Copy exactly the lines of the data below, beginning with the line with "2. Vergleich verschiedener" and ending with the line with "Ideenskizzen: Im ersten". Pictures are to be omitted.

*** Opening of RECORDS TO PROCESS ***

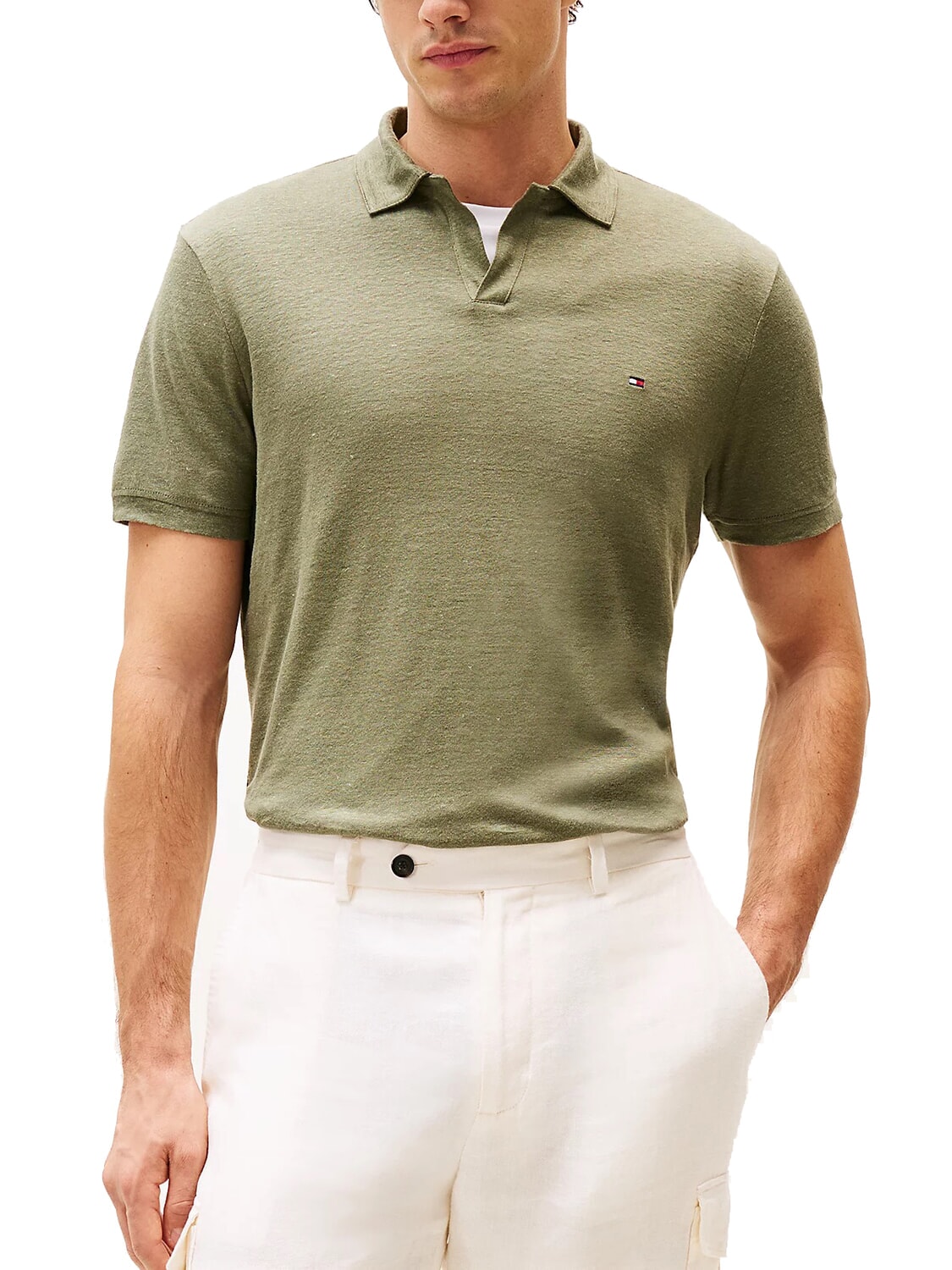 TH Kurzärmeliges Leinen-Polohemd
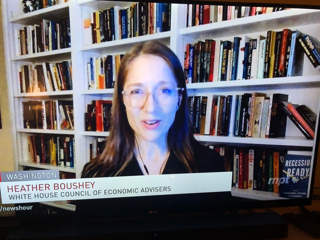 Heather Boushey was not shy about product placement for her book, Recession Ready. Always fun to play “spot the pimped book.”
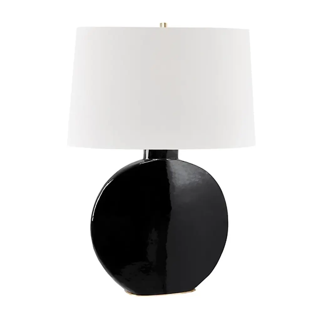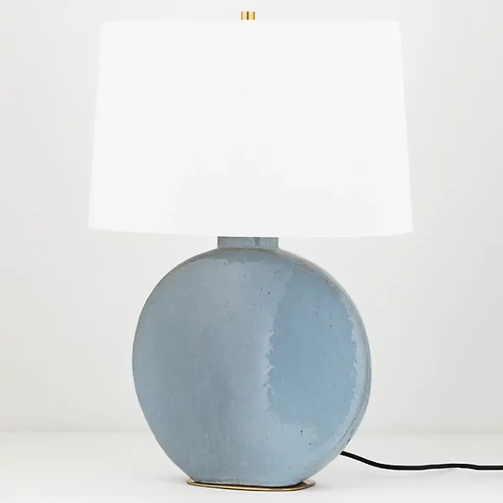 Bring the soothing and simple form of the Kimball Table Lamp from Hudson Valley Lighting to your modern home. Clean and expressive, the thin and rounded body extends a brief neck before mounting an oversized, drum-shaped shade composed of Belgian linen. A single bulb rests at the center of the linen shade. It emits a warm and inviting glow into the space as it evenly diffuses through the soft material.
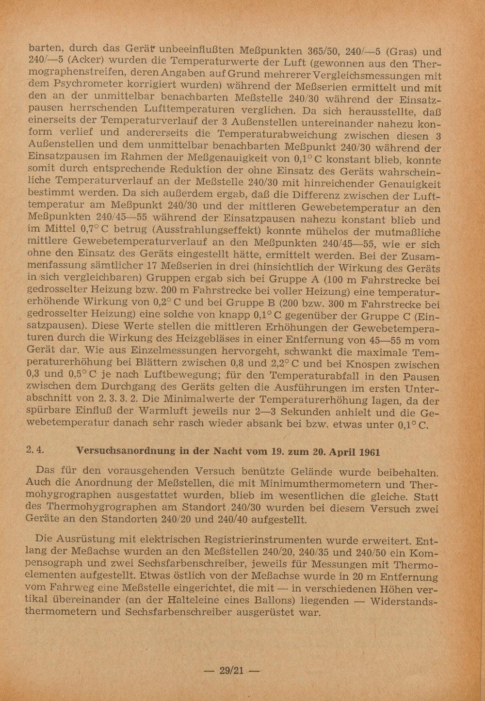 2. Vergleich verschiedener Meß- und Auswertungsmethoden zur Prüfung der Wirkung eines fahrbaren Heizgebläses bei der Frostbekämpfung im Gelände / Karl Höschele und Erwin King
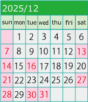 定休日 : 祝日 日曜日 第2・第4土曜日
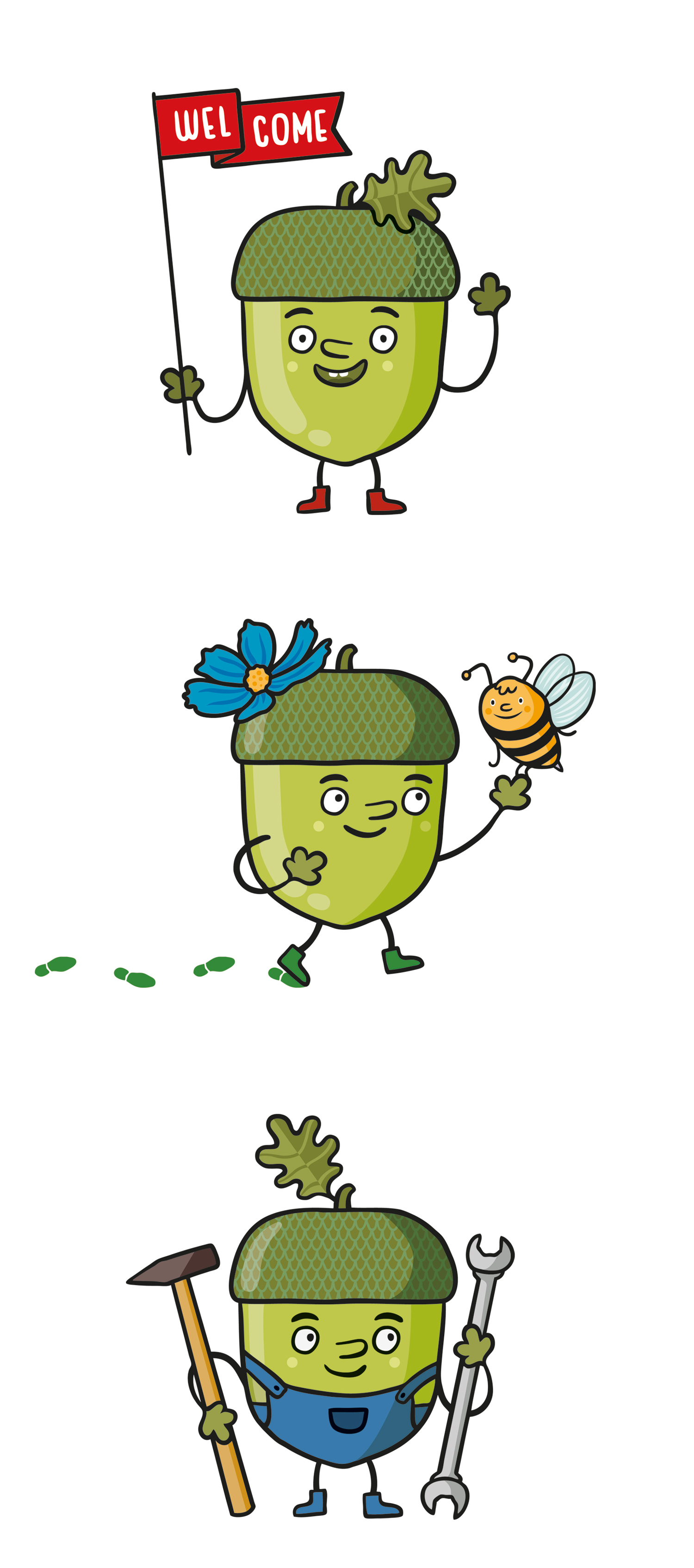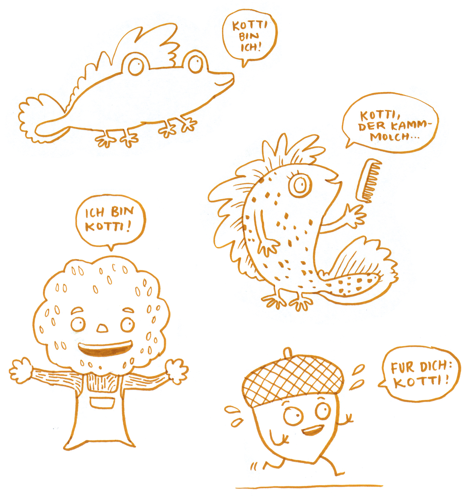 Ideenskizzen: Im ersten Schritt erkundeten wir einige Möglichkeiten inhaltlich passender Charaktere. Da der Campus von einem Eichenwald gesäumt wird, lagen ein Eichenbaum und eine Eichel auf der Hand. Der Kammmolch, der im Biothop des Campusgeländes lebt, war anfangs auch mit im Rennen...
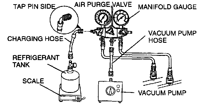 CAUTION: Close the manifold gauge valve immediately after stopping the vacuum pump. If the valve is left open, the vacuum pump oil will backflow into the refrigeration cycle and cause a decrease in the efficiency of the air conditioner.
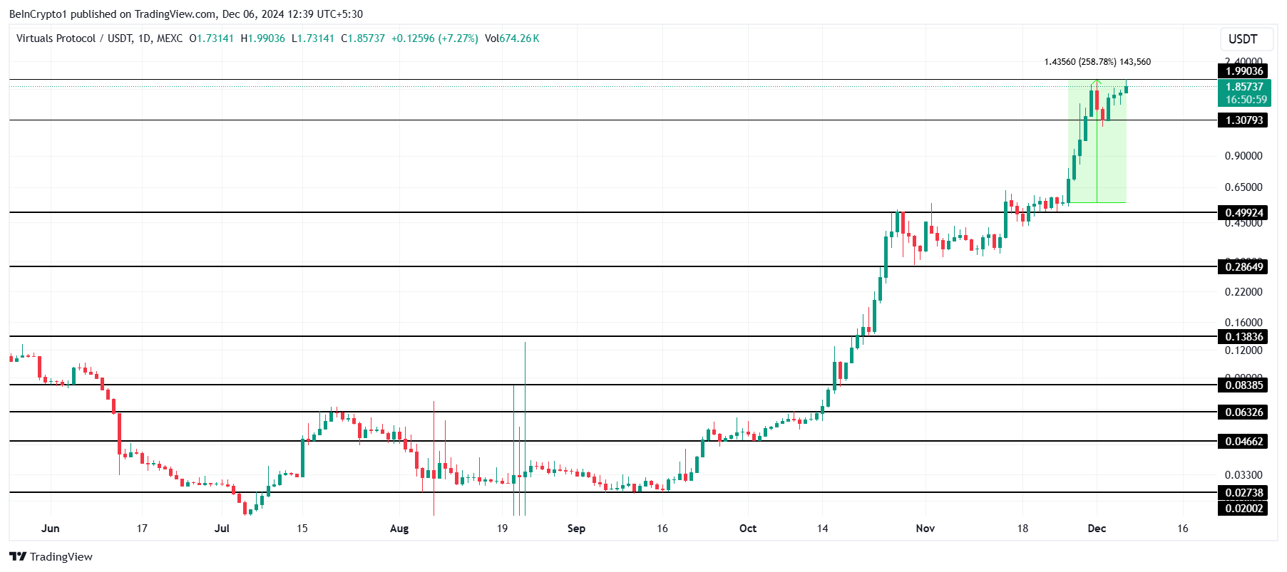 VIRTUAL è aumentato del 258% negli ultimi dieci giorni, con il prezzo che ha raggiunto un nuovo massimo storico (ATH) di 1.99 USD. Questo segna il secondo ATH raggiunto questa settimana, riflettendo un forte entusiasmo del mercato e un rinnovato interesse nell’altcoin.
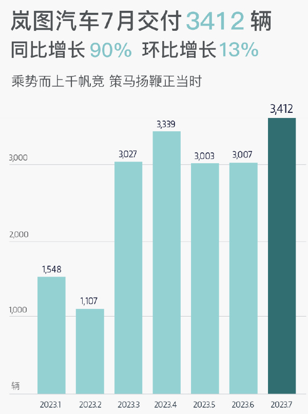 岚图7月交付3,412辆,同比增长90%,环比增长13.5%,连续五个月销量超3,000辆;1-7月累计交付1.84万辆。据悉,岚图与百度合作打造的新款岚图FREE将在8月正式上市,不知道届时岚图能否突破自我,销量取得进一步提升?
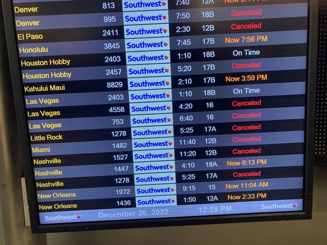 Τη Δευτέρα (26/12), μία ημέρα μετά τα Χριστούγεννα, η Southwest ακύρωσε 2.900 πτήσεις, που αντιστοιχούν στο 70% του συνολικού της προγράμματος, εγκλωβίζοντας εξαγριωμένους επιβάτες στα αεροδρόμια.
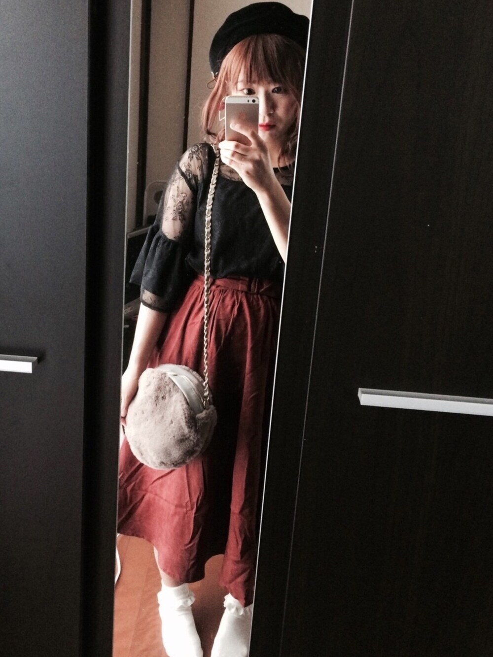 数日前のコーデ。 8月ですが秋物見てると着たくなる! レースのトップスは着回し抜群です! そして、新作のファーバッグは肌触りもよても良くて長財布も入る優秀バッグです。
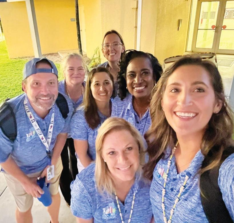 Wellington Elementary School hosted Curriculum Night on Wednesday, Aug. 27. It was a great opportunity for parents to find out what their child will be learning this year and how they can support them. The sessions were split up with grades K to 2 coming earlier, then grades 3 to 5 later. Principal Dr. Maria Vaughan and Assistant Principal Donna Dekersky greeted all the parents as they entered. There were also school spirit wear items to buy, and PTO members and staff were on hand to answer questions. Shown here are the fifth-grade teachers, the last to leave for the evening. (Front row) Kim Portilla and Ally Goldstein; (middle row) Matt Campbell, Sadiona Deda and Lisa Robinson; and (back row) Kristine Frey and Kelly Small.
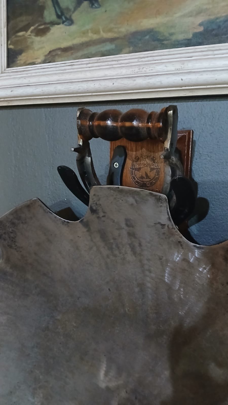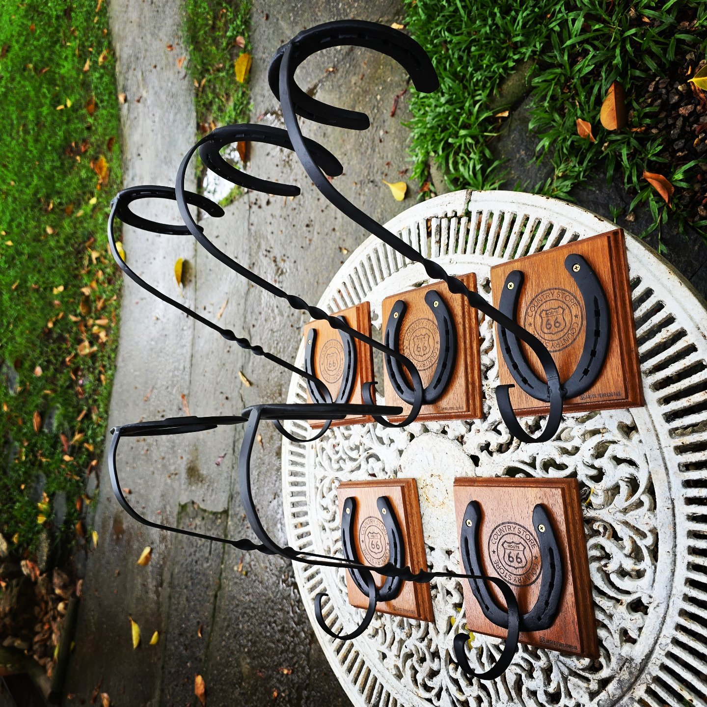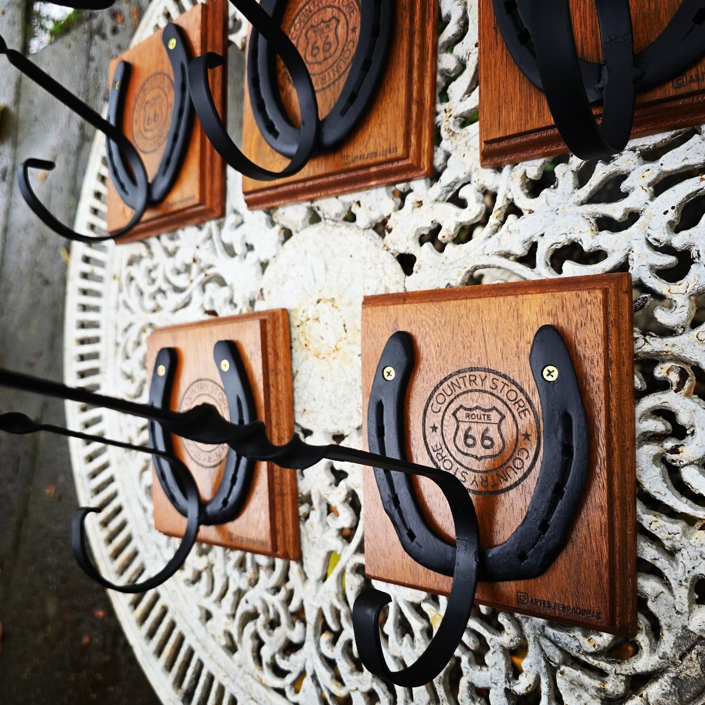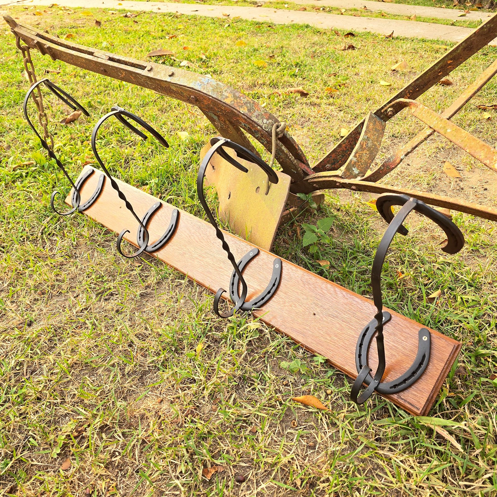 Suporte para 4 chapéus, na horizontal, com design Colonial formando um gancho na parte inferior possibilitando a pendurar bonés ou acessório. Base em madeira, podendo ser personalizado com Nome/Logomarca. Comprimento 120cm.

*** Close of RECORDS TO PROCESS ***

- **OUTPUT OF THE TASK**
 2. Vergleich verschiedener Meß- und Auswertungsmethoden zur Prüfung der Wirkung eines fahrbaren Heizgebläses bei der Frostbekämpfung im Gelände / Karl Höschele und Erwin King
 定休日 : 祝日 日曜日 第2・第4土曜日
 Ideenskizzen: Im ersten Schritt erkundeten wir einige Möglichkeiten inhaltlich passender Charaktere. Da der Campus von einem Eichenwald gesäumt wird, lagen ein Eichenbaum und eine Eichel auf der Hand. Der Kammmolch, der im Biothop des Campusgeländes lebt, war anfangs auch mit im Rennen...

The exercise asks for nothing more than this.